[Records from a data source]
[Start of section]

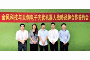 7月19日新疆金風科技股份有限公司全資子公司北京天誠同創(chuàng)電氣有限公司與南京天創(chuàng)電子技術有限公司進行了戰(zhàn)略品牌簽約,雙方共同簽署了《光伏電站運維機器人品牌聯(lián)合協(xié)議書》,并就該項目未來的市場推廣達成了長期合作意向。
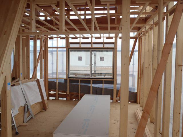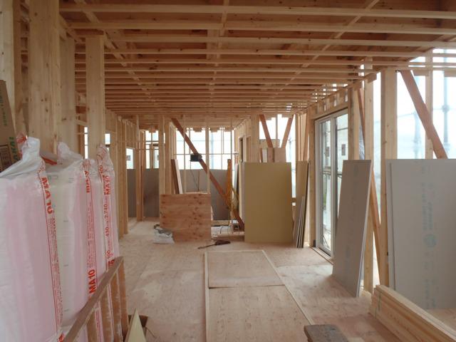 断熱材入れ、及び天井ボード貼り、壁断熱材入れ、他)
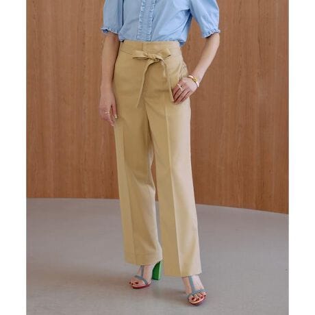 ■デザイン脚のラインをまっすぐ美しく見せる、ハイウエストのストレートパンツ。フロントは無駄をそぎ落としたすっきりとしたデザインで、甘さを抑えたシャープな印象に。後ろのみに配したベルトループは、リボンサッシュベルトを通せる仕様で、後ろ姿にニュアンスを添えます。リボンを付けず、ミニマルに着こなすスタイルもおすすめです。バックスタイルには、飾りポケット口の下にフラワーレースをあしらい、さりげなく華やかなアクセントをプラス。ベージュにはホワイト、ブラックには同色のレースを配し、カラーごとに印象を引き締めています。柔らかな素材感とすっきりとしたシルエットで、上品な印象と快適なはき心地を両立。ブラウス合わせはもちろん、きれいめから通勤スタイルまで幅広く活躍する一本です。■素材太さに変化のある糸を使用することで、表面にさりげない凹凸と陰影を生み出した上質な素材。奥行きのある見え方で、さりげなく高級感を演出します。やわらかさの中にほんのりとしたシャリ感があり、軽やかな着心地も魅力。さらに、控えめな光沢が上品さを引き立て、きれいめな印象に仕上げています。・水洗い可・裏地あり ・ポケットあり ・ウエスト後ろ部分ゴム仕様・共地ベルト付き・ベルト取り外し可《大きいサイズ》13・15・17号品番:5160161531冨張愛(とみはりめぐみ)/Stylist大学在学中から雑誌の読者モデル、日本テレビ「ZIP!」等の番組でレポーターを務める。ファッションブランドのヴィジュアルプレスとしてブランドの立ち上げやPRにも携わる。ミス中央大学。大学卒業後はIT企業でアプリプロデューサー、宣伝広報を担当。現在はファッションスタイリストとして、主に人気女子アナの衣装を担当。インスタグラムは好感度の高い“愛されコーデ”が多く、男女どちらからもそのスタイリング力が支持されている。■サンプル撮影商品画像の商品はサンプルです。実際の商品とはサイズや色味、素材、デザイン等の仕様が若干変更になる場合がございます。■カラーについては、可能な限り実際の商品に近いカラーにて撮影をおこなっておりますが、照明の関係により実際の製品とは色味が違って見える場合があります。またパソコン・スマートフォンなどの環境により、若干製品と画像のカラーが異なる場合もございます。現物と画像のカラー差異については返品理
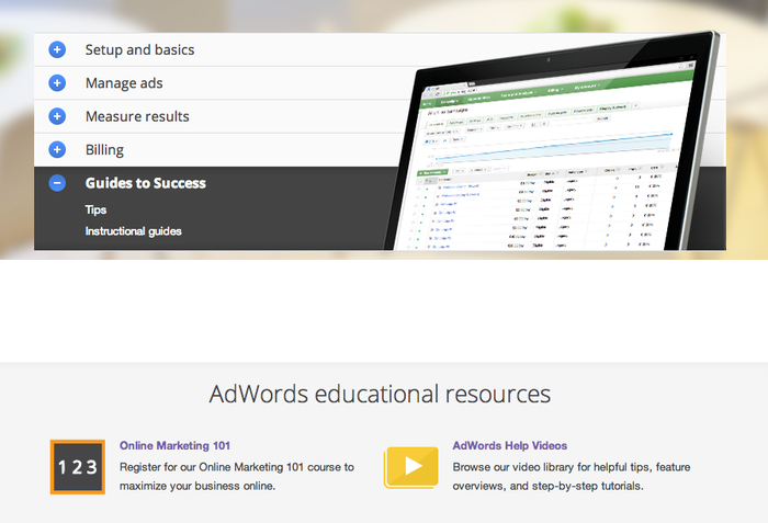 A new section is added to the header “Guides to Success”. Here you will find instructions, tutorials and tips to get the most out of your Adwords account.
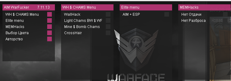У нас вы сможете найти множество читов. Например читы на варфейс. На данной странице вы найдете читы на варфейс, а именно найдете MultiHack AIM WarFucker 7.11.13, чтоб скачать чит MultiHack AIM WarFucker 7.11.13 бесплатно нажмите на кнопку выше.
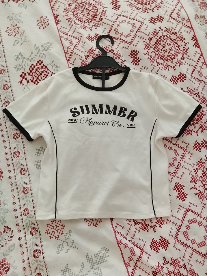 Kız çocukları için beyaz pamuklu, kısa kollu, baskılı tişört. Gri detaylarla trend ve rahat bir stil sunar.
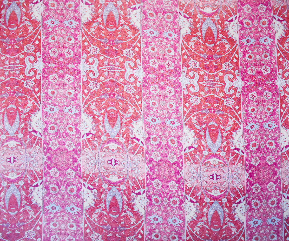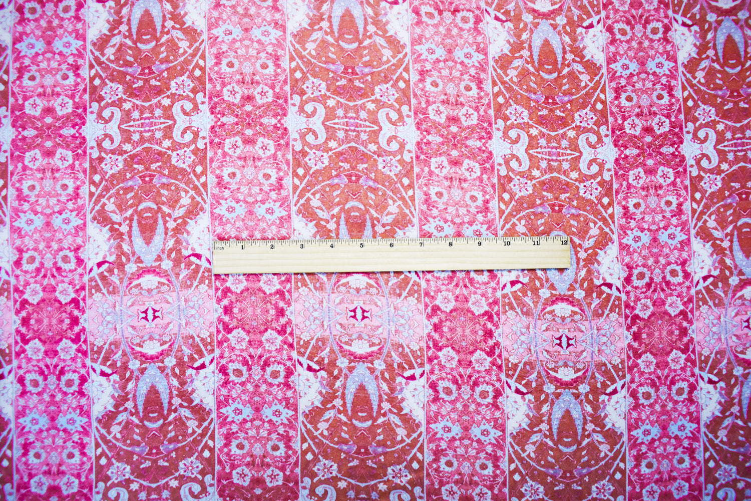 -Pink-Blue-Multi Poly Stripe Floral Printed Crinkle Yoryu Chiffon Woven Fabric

[End of section]

Please copy the preceding records exactly and omit the images.

**COMPLETED EXERCISE**
 7月19日新疆金風科技股份有限公司全資子公司北京天誠同創(chuàng)電氣有限公司與南京天創(chuàng)電子技術有限公司進行了戰(zhàn)略品牌簽約,雙方共同簽署了《光伏電站運維機器人品牌聯(lián)合協(xié)議書》,并就該項目未來的市場推廣達成了長期合作意向。
 断熱材入れ、及び天井ボード貼り、壁断熱材入れ、他)
 ■デザイン脚のラインをまっすぐ美しく見せる、ハイウエストのストレートパンツ。フロントは無駄をそぎ落としたすっきりとしたデザインで、甘さを抑えたシャープな印象に。後ろのみに配したベルトループは、リボンサッシュベルトを通せる仕様で、後ろ姿にニュアンスを添えます。リボンを付けず、ミニマルに着こなすスタイルもおすすめです。バックスタイルには、飾りポケット口の下にフラワーレースをあしらい、さりげなく華やかなアクセントをプラス。ベージュにはホワイト、ブラックには同色のレースを配し、カラーごとに印象を引き締めています。柔らかな素材感とすっきりとしたシルエットで、上品な印象と快適なはき心地を両立。ブラウス合わせはもちろん、きれいめから通勤スタイルまで幅広く活躍する一本です。■素材太さに変化のある糸を使用することで、表面にさりげない凹凸と陰影を生み出した上質な素材。奥行きのある見え方で、さりげなく高級感を演出します。やわらかさの中にほんのりとしたシャリ感があり、軽やかな着心地も魅力。さらに、控えめな光沢が上品さを引き立て、きれいめな印象に仕上げています。・水洗い可・裏地あり ・ポケットあり ・ウエスト後ろ部分ゴム仕様・共地ベルト付き・ベルト取り外し可《大きいサイズ》13・15・17号品番:5160161531冨張愛(とみはりめぐみ)/Stylist大学在学中から雑誌の読者モデル、日本テレビ「ZIP!」等の番組でレポーターを務める。ファッションブランドのヴィジュアルプレスとしてブランドの立ち上げやPRにも携わる。ミス中央大学。大学卒業後はIT企業でアプリプロデューサー、宣伝広報を担当。現在はファッションスタイリストとして、主に人気女子アナの衣装を担当。インスタグラムは好感度の高い“愛されコーデ”が多く、男女どちらからもそのスタイリング力が支持されている。■サンプル撮影商品画像の商品はサンプルです。実際の商品とはサイズや色味、素材、デザイン等の仕様が若干変更になる場合がございます。■カラーについては、可能な限り実際の商品に近いカラーにて撮影をおこなっておりますが、照明の関係により実際の製品とは色味が違って見える場合があります。またパソコン・スマートフォンなどの環境により、若干製品と画像のカラーが異なる場合もございます。現物と画像のカラー差異については返品理
 A new section is added to the header “Guides to Success”. Here you will find instructions, tutorials and tips to get the most out of your Adwords account.
У нас вы сможете найти множество читов. Например читы на варфейс. На данной странице вы найдете читы на варфейс, а именно найдете MultiHack AIM WarFucker 7.11.13, чтоб скачать чит MultiHack AIM WarFucker 7.11.13 бесплатно нажмите на кнопку выше.
 Kız çocukları için beyaz pamuklu, kısa kollu, baskılı tişört. Gri detaylarla trend ve rahat bir stil sunar.
 -Pink-Blue-Multi Poly Stripe Floral Printed Crinkle Yoryu Chiffon Woven Fabric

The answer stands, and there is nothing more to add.